Елена Рыковцева: Ну вот, видите, как объясняет для себя Новелла Матвеева причины крымского конфликта в обществе. Есть Крым, который рвется в Россию, есть Россия, которая готова его принять, есть некие отвратительные злобные существа богатые, жирующие, прикормленные дядей Сэмом, у которых есть в Майями виллы и курорты в Анталии, не думаю, что эти богатые существа живут на курортах в Анталии — там скорее как раз 98%, но неважно, рифмуется хорошо Анталия. Оставим Майями и дядю Сэма. Им не нужен Крым, потому что они живут в Майями. Их бесят крымчане, потому что они хотят в Россию, они им не нужны, их все это раздражает. Вот это причины крымского конфликта в изложении Новеллы Матвеевой. Причина непринятия частью интеллигенции крымской аннексии. Вот такая причина: зачем им Крым, у них есть Майями.
Евгений Добренко: Поскольку у Новеллы Матвеевой нет Майями, ей нужен Крым, ей же нужно тоже где-то отдыхать.
Петр Дружинин: Евгений приехал из Англии и смешно об этом говорит.
Елена Рыковцева: Ему там весело в Англии, я понимаю.
Петр Дружинин: Я вообще слово «интеллигенция», если меня спросят, считаете ли вы себя интеллигенцией, я запнусь. Потому что, что такое интеллигенция? Это высшее образование. С другой стороны моральный, нравственный критерий, честно говоря, во многом уже утраченный. И мне вообще кажется, что Константин Маркович Азадовский — это интеллигенция, он олицетворяет это. Я с ним общаюсь, или Яков Гордин — вот это люди другой эпохи. Мне кажется, что сейчас понятие интеллигенции — это такой архаизм.

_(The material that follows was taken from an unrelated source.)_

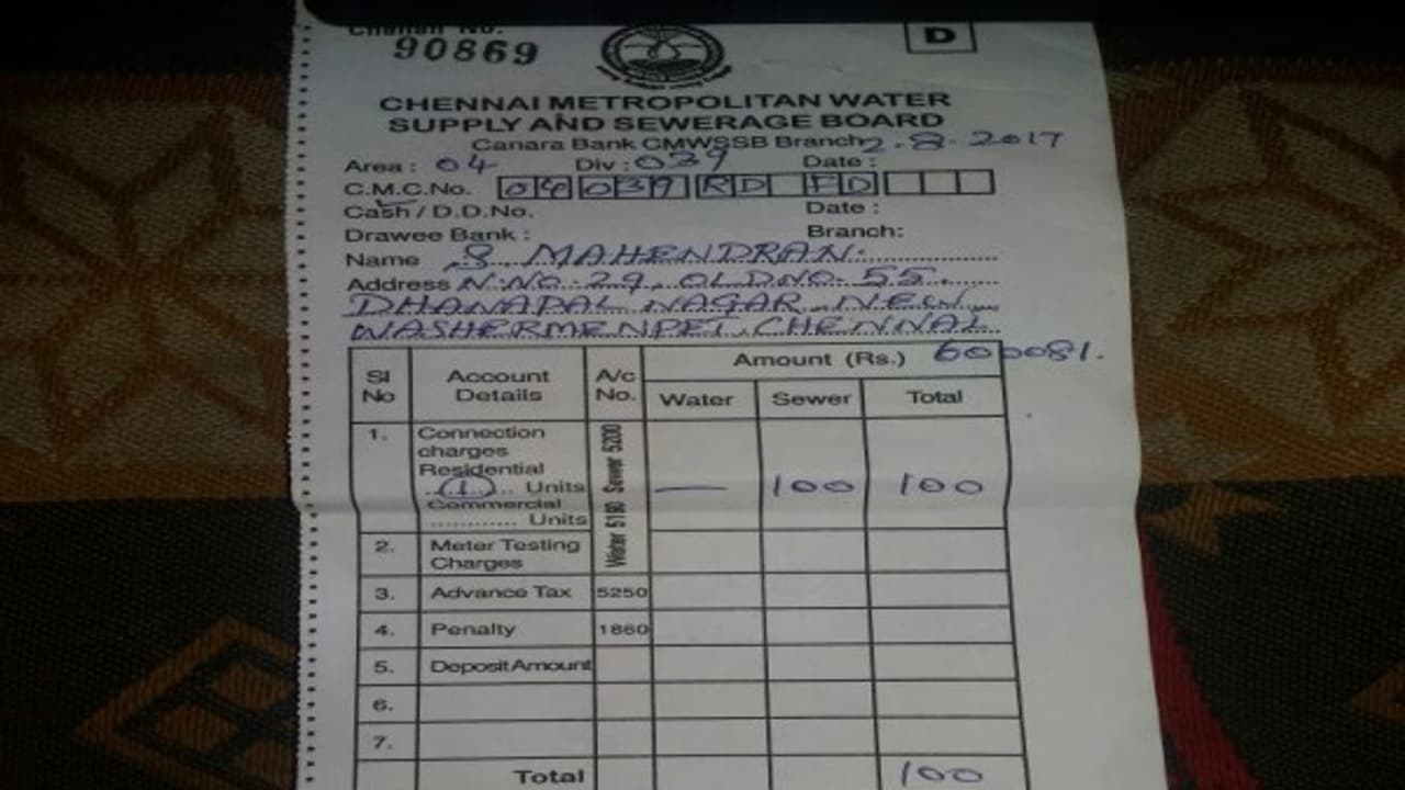 இந்நிலையில் சென்னை புதுவண்ணாரப்பேட்டை தனபால் நகரை சேர்ந்தவர் மகேந்திரன்.இவரது வீட்டுக்கு குடிநீர் இணைப்பு கேட்டு, மனு செய்து இருந்தார். அதன்பேரில் ஊழியர்கள், அவரது வீட்டில் இணைப்பு கொடுத்தனர். அதற்கான தொகையாக ரூ.2,500 வசூல் செய்தனர். ஆனால், அவருக்கு கொடுத்த ரசீதில் ரூ.100 என எழுதி கொடுத்து சென்றனர். இதனால், அவர் கடும் வேதனையும், அதிர்ச்சியும் அடைந்தார்.

Елена Рыковцева: Мне кажется, надо делить на порядочных и непорядочных, для меня больше ничего не существует.
Петр Дружинин: Когда кто-то начинает говорить об интеллигенции, я начинаю думать, что это такое.
Елена Рыковцева: То есть лучше об этом вообще не говорить, так вы оба считаете? Давайте не будем называть интеллигенцией, давайте называть деятелями культуры.
Петр Дружинин: Деятели культуры — это просто жуть, я бы сказал, что это вообще не интеллигенция.
Евгений Добренко: Я думаю, что здесь интересно взглянуть на этот феномен исторически. Потому что советская интеллигенция, вообще говоря, продукт довольно поздний. Как вы знаете, все говорят: вот, была русская интеллигенция, а потом была советская интеллигенция, а теперь нет вообще интеллигенции, условно говоря, так. Очень интересный момент: между русской интеллигенцией и советской было огромное зияние исторически. Потому что русская интеллигенция закончилась после 1917 года, условно говоря, после гражданской войны она была практически развеяна по миру и практически маргинализована в обществе, вытеснена на периферию и остались, как историк Петр знает это понятие, «бывшие люди» в 1920-30 годы, которые сидели где-то библиотекаршами в районных библиотеках, зная пять языков и доживали свой век. Фактически в 1920 годы, в 1930 годы, в 1940 годы от интеллигенции оставался мизерный слой, который сохранился. Люди, которые были уничтожены морально, физически и институционально в 1949 году — это были остатки интеллигенции упомянутой, Азадовский, Эйхенбаум и другие люди. Как бы интеллигенция советская фактически возникает как феномен, связанный с диссидентством. Как только прекращается дикий сталинский пресс после 1956 года. Обратите внимание, ведь это же огромный перерыв в 30 с лишним лет, когда страна жила без интеллигенции, а то, что Солженицын назвал «образованщиной», деятели культуры, которые все подписывали.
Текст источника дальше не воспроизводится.